Tuesday, August 11, 2009

Work With Locations

If you work for a large organization with a main headquarters and numerous locations, you’ll relate well to this. There’s always been a disconnection in most organizations with an organizational structure such as this, mostly because the locations are out of sight and out of mind. It's like trying to hold on to a long distance relationship. For some people it works well. For others . . . not so well.

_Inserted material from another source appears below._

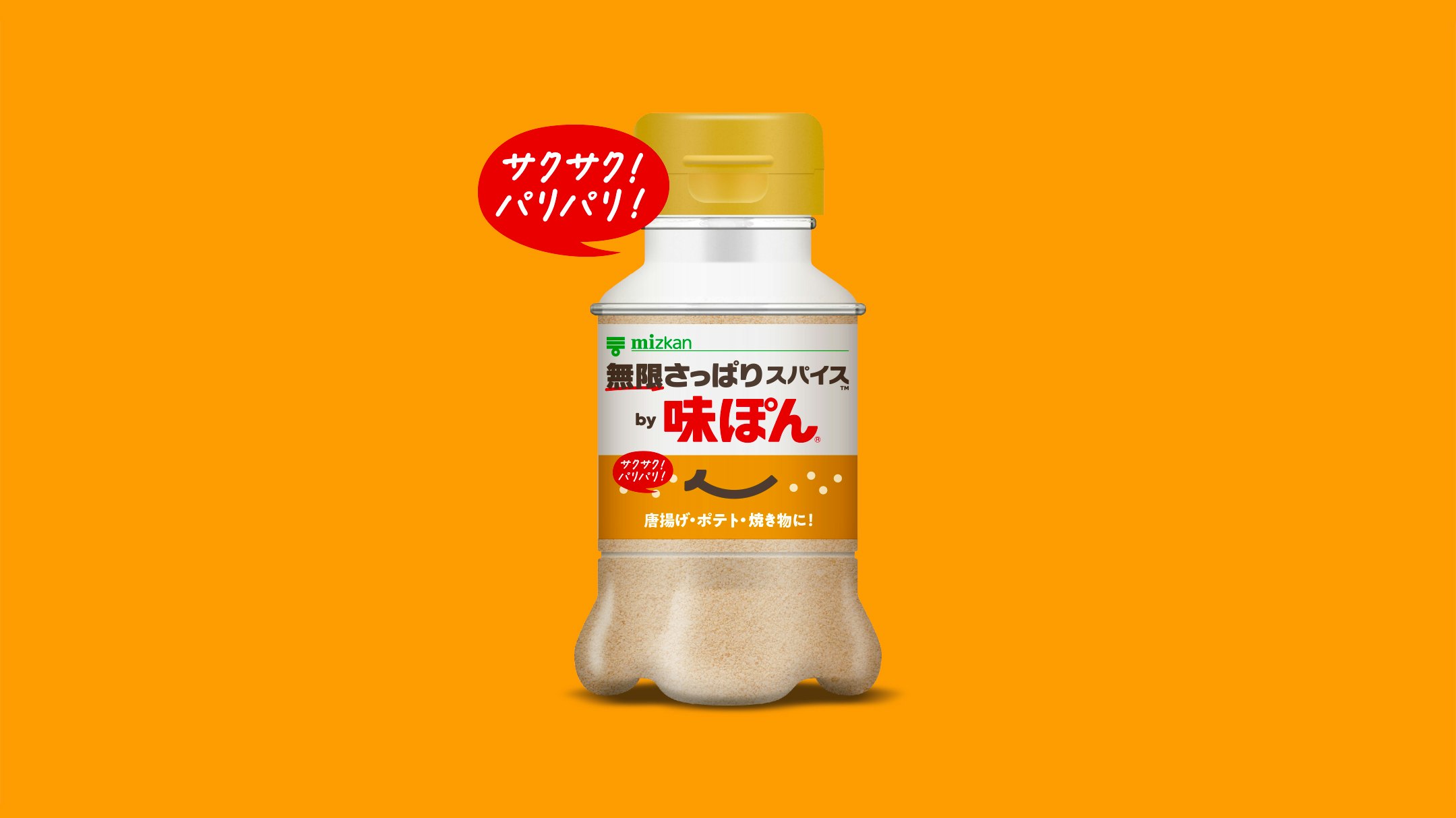 味ぽんのさっぱり味を、かけるだけの手軽さでサクサク・パリパリの食感をそのままに楽しめる、「無限さっぱりスパイスby味ぽん」のパッケージデザインを担当しました。自分のアイデアで様々なものに試してみたくなること喚起するために、ワクワクや楽しさを叶えてくれる“相棒”のような存在をイメージし、小さくコロッとした容器を生かしたキャラクターのようなたたずまいで表現しました。また、商品特有のやつみき感を「無限」という言葉で商品名も冠すことで、より伝わりやすいコミニュケーションにこだわりました。先行発売から4日間で完売、SNSでも大きな話題を生みました。

HQ’s commonly develop SOPs and policies and distribute them with no thought on how they’re going to impact locations around the region or country. In organizations set up like this, you don’t have one culture. You may have one “corporate” culture, but there are numerous sub-cultures within it. Just the fact that you have locations around the country in the North, South, East, and West is going to give you four sub-cultures. People are brought up differently and have different work ethics in various geographic areas. Age variations and length of employment also create sub-cultures of their own which often stress different beliefs and actions. The authoritarian, “my way or the highway” thinking of HQ can do more damage to the overall organization than anything else. Internal strife is hard to deal with.

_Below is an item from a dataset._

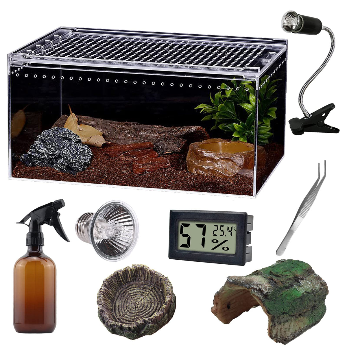 Whether You Are A Beginner Or A Reptile Enthusiast, It Can Meet The Specific Requirements Of Your Pets. It Is The Perfect Home For Your Small Reptiles, Amphibians, Or Invertebrates. They Are Also Ideal Temporary Habitats For Unique Invertebrates That You May Discover In Your Backyard. Designed With Increased Stability, They Are Made Of High-Quality, Thick, And Highly Durable Tempered Pc Glass Material For Added Safety. These Habitats Create A Safe Home For Your Pets. Product Size: 11.8X7.9X5.9 Inches Packing List: Tweezers, Hygrometer, Hideaway Cave, Lamp, Spray Bottle, Water, Reptile Box, Light Bulb.

Now if you want to add mergers to the mix, you’ve just doubled the number of your cultures and sub-cultures. This will take extra involvement all the way around. But that's for another blog.

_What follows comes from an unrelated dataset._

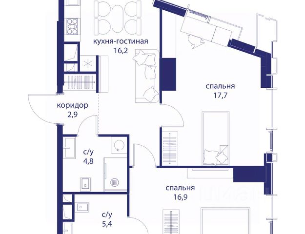 В продаже 2-к квартира от застройщика. Общая площадь 62.80, жилая 28.20, кухня 16.3. Квартира расположена на 2 этаже жилого квартала "Событие-6", корпус 1, Секция 1. Квартира без отделки. Срок сдачи: 4 кв. 2029 года. СОБЫТИЕ.6 — финальный дом парк-квартала СОБЫТИЕ на Мосфильмовской. Переезжайте в уже сформированный квартал с готовой инфраструктурой и парком! Премиальный жилой комплекс в престижном районе Москвы предлагает стильную архитектуру, продуманное благоустройство и великолепно разнообразие общественных пространств. Свой парк прямо возле дома! Архитектура Архитектура СОБЫТИЯ.6 выполнена в ультрасовременном стиле московским бюро Atrium на основе дизайн-кода британских архитекторов LDA Design и UHA London. Дом отличает оригинальная геометрия фасадов, большое остекление и высокие лобби (до 6,2 м) с авторской мебелью и светильниками. Расположение Мосфильмовская улица (Раменки) — один из престижных районов Москвы. Близость к историческому и деловому центру, природным зонам Запада столицы. Транспортная доступность: • 10 мин до Москва-Сити и ТТК; • 15 мин до Садового кольца; • 25 мин до аэропорта Внуково; • 7-10 мин до станций метро "Аминьевская" и "Мичуринский проспект". Инфраструктура: • парк "Событие" (12 га, финалист конкурса Правительства Москвы) с беговыми (1,5 км) и велодорожками (2,7 км), экотропой (1,6 км), площадками, лекторием; • школа, детский сад, магазины, салоны красоты, рестораны (к моменту заселения); • мультидвор с игровыми и спортивными площадками, мини-бульваром; • общественная терраса на 10-м этаже (коворкинг, лаунж); • Закрытые общественные пространства: детская комната, спортивный зал, коворкинг, лаунж-зоны. Паркинг 256 мест для жителей (48 — для электромобилей), 24 гостевых (5 — для электромобилей), мойки колес, кладовые, зоны для велосипедов. Окружение Парки и заповедники (Воробьёвы горы, Матвеевский лес и др.), МГУ, театр им. Н. И. Сац, стадион "Лужники". Безопасность Видеонаблюдение, контроль доступа, видеодомофоны, консьерж-сервис 24/7, системы пожарной безопасности и мультисервисная оптическая сеть.

The means to solving these issues takes effort from all locations, but in the end, it’s HQ that has to take the time to truly care and implement solutions for everyone. Someone (management), needs to travel to your various locales and sit down and truly watch and listen so that you can get an accurate picture of what’s going on and what people need to do their jobs to the best of their ability. This act alone will build trust just because you made the effort to get involved with those that feel they're not being heard.

If you don’t listen and your locations are continually fighting to be heard, they’ll eventually give up. Then you’re in for lackluster, unproductive work. Their customer service suffers and retention suffers. What’s good for me isn't necessarily what’s good for you. Stop, look, and listen.